I was walking through the local botanic gardens recently, as I often do. I enjoy it because no matter what else is happening, anything I may be concerned about fades away for a while. For me, part of this year is about doing what’s important. Not what’s right, or what needs to be done now, but what’s important.
In his book, The 7 Habits of Highly Effective People, author Steven Covey teaches people to divide their activities into 4 areas, based on urgency and importance. The four areas are urgent and important, urgent and unimportant, important but not urgent, and unimportant and not urgent. The author notes that the majority of people of spend their time doing activities that are urgent but unimportant, or not urgent and unimportant. Think about it for a moment – how much time do you spend watching tv? Not urgent and unimportant. People dash here and there, doing this and that, when ultimately what they are doing is unimportant in the long run.
I’m convinced that the richness in life is actually in those activities that are important but not urgent. Achieving what is important to us as individuals requires effort – sustained effort. But the paradox is that typically those actions aren’t urgent, which is why they tend to get lost in the hustle and bustle of everyday life. We make time to do the urgent but unimportant things because we tend to them as they crop up. Often, we don’t stop to think about whether it’s something that is actually important and worth doing.
I’m a prime example of that. Right now I’m not just prepping for my black belt exam this year, I’m also taking classes related to the healing side of the martial art I study as well. These tests are coming quickly, and I need to attend class and study the healing related material so I’m ready. These things are important to me, but not urgent. They are things I need to take action on regularly. These are the things I have chosen to find meaning in – but if I do nothing with them, skip class, don’t study, I’ll have wasted that opportunity.

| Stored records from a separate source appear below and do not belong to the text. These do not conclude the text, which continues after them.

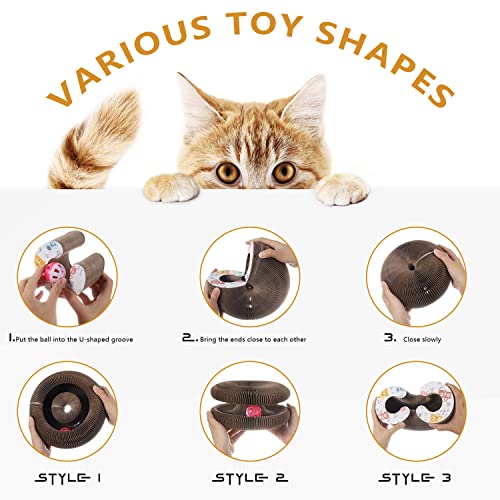 Magic Organ Cat Scratching Board, Tiragraffi per Gatti Interattiva con Palla Giocattolo, Cuccia per Gatti Rotondo Pieghevole, Materiale in Cartone Ondulato Riciclabile, con Erba Gatta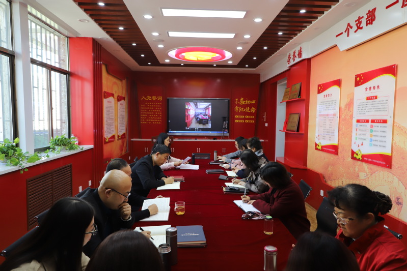 会议采取“线上+线下”的方式进行,各支部书记、系部中心主任副主任在线上参会,党委理论学习中心组成员、教工第三党支部党员在党员活动室参会。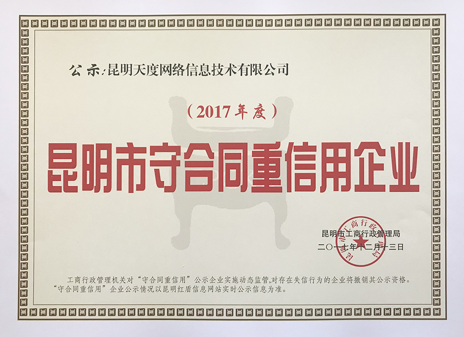 經(jīng)昆明市人民政府“守合同重信用”領導小組辦公室(昆明市工商行政管理局)組織推薦、昆明市人民政府“守合同重信用”領導小組成員單位聯(lián)合審查和通過媒體公示接受社會各界監(jiān)督等工作程序,已完成公示認定工作。熱烈祝賀昆明天度網(wǎng)絡信息技術有限公司被昆明市工商行政管理局評為2017年度“昆明市守合同重信用企業(yè)”。
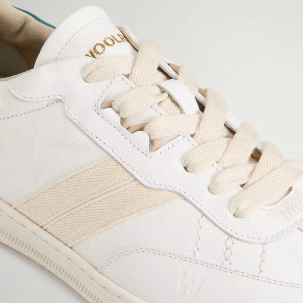 • Der Trainer von Woolrich in weißer Farbe ist aus Leder gefertigt.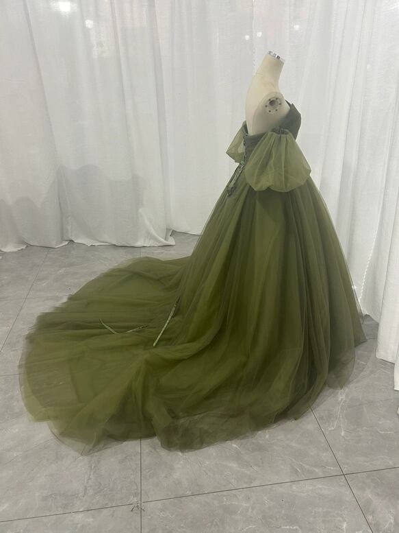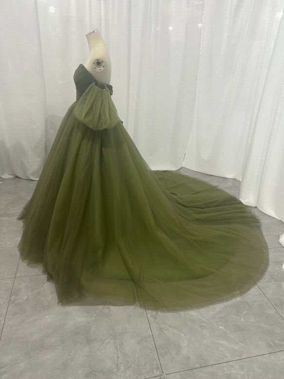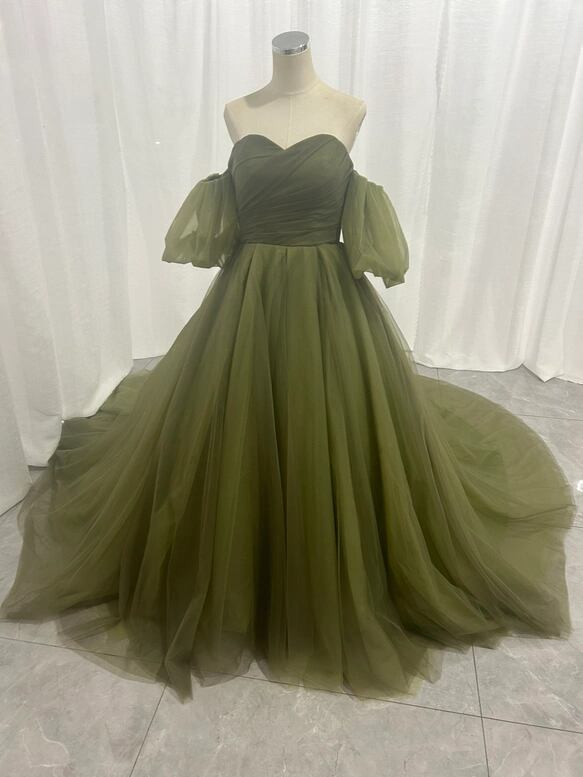 高品質!カラードレス グリーン ベアトップ トレーン ビスチェドレス 花嫁/ウェディングドレス

Priorities are a touchstone of our lives. There’s a very easy way to determine when our actions are out of alignment with our priorities, what we think is important. There’s one simple question to answer: If you knew you only had one year left to live, what would you do?
If your answer involved living any differently than you do now, your actions and priorities are out of alignment. The reason I say that is simple: you don’t know how much longer you’ll be alive. Though it’s likely you’ll live past retirement age, you never know when sudden calamity may strike and end it all. I don’t know about you, but when I die, I want to be able to look back and say I died in pursuit of dreams, doing the things that were important to me. I don’t want there to be any doubt in anyone’s mind that I lived life to the fullest, the best I knew how.
As much as I want people to see that, I’m not living my life for them, I’m living it for me. I may or may not reach my dreams, but at least I’m reaching for them. I know what’s important to me, and I’m doing what’s important. What’s important to you?